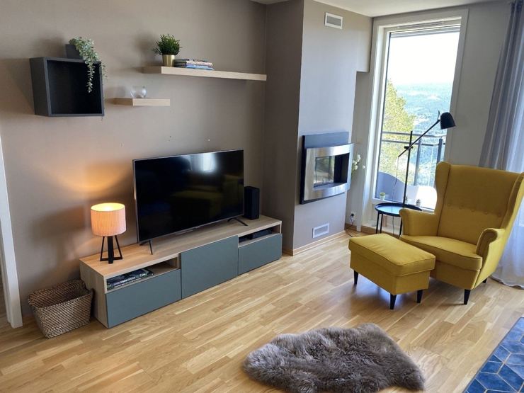 Etter en dag med aktiviteter kan du slappe av i stuen som er utstyrt med sofa, TV og gasspeis.
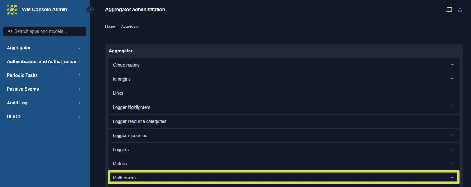 At this point it is possible to register a new Realm (+) to be part of the Multi-realm. For more information on this procedure, see the following link: Creation of Realms.
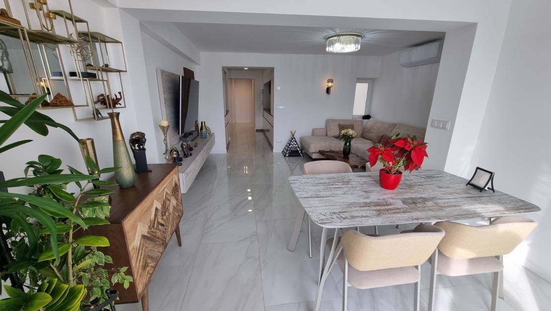 Den består av 2 soverom, 2 bad, en romslig stue med åpen kjøkkenløsning og en terrasse med vakker utsikt over havet, det nye forretningssenteret og herskapshuset.
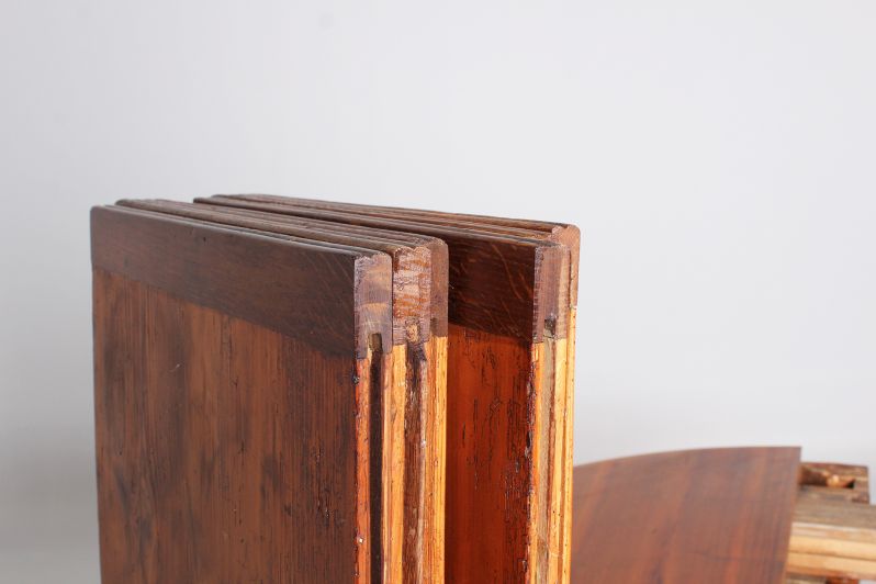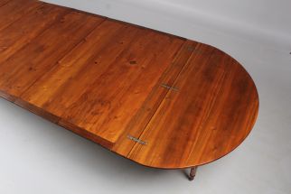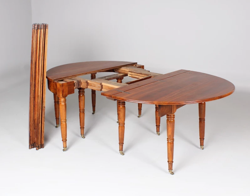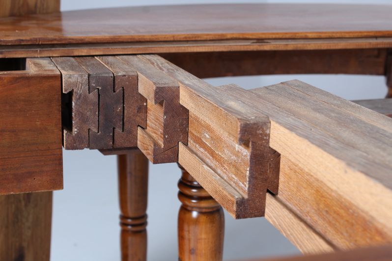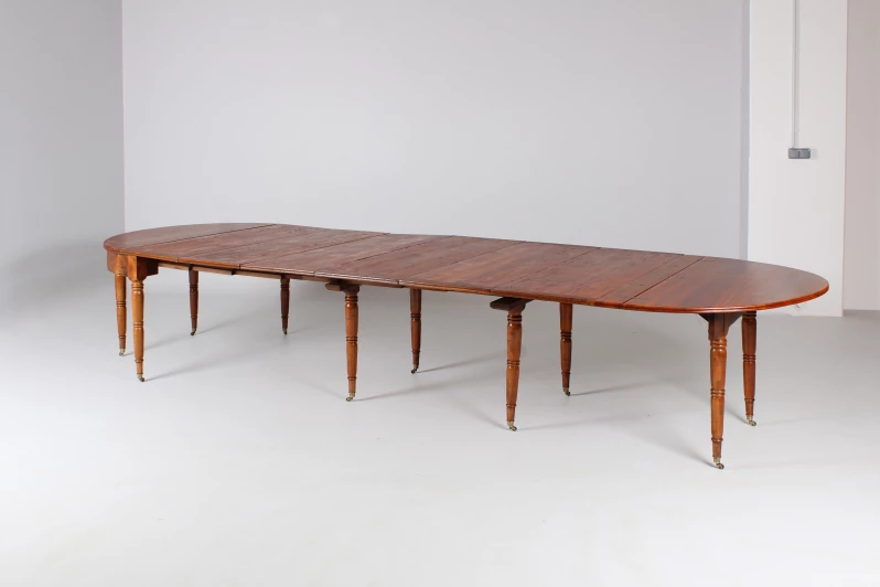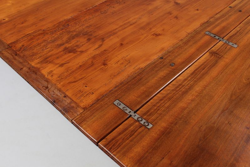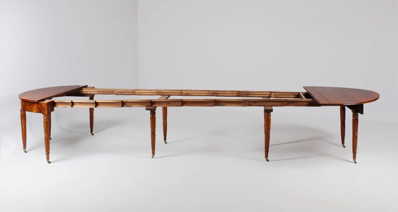 La table peut maintenant être déployée grâce à un système de coulisses, c'est-à-dire un système de tiroirs en bois qui s'emboîtent les uns dans les autres. Il y a six planches originales qui permettent de rallonger la table d'environ 45 cm chacune. On obtient ainsi une longueur totale de 407 cm.

- WORK REQUIRED:
Output the listing above exactly, excluding all pictures.

- RESULT BELOW:
 Etter en dag med aktiviteter kan du slappe av i stuen som er utstyrt med sofa, TV og gasspeis.
 At this point it is possible to register a new Realm (+) to be part of the Multi-realm. For more information on this procedure, see the following link: Creation of Realms.
 Den består av 2 soverom, 2 bad, en romslig stue med åpen kjøkkenløsning og en terrasse med vakker utsikt over havet, det nye forretningssenteret og herskapshuset.
 La table peut maintenant être déployée grâce à un système de coulisses, c'est-à-dire un système de tiroirs en bois qui s'emboîtent les uns dans les autres. Il y a six planches originales qui permettent de rallonger la table d'environ 45 cm chacune. On obtient ainsi une longueur totale de 407 cm.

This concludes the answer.